Rancher causing Docker lock-up?

Hi,
We’ve installed Rancher on a RHEL cluster, and set up the server separate from all the K8S related nodes. We’ve successfully set up the cluster, deployed test workloads using nginx, and got the ingress controller working. The K8S nodes are all running happily for several days. However, the machine running the Rancher server develops problems after a couple of days. The Rancher server UI isn’t reachable, and also sshd quits responding to attempts to reach the machine. Then, sshd mysteriously started working again, but when I attempt to do anything related to Docker, the command hangs and does not respond.

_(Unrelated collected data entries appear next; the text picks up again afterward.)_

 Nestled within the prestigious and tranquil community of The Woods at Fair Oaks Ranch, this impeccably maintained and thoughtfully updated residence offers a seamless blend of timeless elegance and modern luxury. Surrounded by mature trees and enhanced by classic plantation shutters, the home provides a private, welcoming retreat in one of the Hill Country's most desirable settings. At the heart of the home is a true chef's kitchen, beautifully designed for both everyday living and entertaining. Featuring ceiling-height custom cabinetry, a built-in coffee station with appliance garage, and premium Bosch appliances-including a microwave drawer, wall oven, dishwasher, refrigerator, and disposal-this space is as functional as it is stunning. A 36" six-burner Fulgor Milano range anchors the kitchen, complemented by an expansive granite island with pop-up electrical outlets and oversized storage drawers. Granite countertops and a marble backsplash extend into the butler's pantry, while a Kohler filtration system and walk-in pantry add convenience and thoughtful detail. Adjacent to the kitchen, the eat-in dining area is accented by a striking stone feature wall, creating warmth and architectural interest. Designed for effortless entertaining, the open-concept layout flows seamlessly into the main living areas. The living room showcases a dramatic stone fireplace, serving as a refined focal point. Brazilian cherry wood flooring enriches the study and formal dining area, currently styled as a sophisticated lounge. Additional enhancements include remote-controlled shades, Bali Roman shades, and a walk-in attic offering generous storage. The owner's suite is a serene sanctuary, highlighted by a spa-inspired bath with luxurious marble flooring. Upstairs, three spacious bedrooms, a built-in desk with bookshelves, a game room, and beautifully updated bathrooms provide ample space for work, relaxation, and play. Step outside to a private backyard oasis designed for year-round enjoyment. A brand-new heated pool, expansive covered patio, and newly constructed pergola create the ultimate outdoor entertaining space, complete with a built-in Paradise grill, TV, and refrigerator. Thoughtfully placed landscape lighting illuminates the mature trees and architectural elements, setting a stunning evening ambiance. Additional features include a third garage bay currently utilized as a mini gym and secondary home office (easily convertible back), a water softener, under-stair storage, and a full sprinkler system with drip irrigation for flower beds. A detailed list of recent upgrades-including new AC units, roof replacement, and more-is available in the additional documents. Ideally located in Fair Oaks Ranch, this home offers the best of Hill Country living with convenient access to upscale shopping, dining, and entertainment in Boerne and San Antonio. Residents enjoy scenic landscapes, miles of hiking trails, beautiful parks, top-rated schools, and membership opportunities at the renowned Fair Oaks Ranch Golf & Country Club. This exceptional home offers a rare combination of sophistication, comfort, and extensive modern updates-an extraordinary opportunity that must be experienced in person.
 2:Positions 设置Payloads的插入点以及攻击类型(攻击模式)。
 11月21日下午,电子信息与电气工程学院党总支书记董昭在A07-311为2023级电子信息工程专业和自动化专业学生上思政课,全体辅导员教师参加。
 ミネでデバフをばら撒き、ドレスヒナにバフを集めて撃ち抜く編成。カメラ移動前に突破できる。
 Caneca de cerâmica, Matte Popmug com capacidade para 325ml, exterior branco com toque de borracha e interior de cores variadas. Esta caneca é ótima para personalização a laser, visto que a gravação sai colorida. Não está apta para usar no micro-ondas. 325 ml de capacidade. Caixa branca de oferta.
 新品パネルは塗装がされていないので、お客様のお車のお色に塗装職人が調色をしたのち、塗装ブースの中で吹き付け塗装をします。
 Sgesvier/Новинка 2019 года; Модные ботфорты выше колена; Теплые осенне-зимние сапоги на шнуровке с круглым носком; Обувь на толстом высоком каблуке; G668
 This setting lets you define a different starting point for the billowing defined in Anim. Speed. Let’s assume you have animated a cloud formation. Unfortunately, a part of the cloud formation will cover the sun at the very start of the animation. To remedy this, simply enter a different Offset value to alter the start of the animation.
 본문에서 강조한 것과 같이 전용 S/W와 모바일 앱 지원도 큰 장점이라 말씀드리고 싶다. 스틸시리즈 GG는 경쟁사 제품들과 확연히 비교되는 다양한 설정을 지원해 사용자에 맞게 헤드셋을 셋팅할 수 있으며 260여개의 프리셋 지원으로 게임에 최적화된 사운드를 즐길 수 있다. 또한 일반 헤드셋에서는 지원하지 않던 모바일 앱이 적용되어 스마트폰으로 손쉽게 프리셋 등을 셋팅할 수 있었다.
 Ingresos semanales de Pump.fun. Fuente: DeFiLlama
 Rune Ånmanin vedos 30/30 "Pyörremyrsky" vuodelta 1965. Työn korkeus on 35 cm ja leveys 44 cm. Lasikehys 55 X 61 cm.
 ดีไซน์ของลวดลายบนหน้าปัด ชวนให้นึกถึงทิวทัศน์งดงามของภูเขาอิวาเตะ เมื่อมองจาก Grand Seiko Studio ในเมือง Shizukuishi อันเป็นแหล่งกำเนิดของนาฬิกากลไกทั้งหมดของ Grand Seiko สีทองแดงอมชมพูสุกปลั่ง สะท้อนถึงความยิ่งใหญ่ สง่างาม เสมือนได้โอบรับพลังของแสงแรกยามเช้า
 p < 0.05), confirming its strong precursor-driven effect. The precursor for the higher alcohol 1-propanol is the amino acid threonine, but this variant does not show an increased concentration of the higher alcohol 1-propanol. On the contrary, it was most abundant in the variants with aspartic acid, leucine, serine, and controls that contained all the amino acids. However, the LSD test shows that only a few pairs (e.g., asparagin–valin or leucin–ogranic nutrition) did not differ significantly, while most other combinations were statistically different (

We’ve seen this behavior on two different RHEL VMs running the Rancher server. I want to think that nothing happening inside a Docker container could possibly impact OS level resources like sshd, but this is looking like a might strong coincidence.

Has anyone else seen this?

1 Like

Yes. Today. And for me this is the second time I get such a severe crash. The last time I ended up completely recreating everything as the rancher server was on one of my nodes. Now we have a situation with rancher-server separated onto it’s own hardware. Last week the crash, which looks similar, happened again. We noticed the crash because our rancher web interface was unresponsive. After a reboot of the server, the docker process hung in ‘activating’ phase. When I manually remove the container directory from /var/lib/docker/containers/, docker will start, but without rancher-server.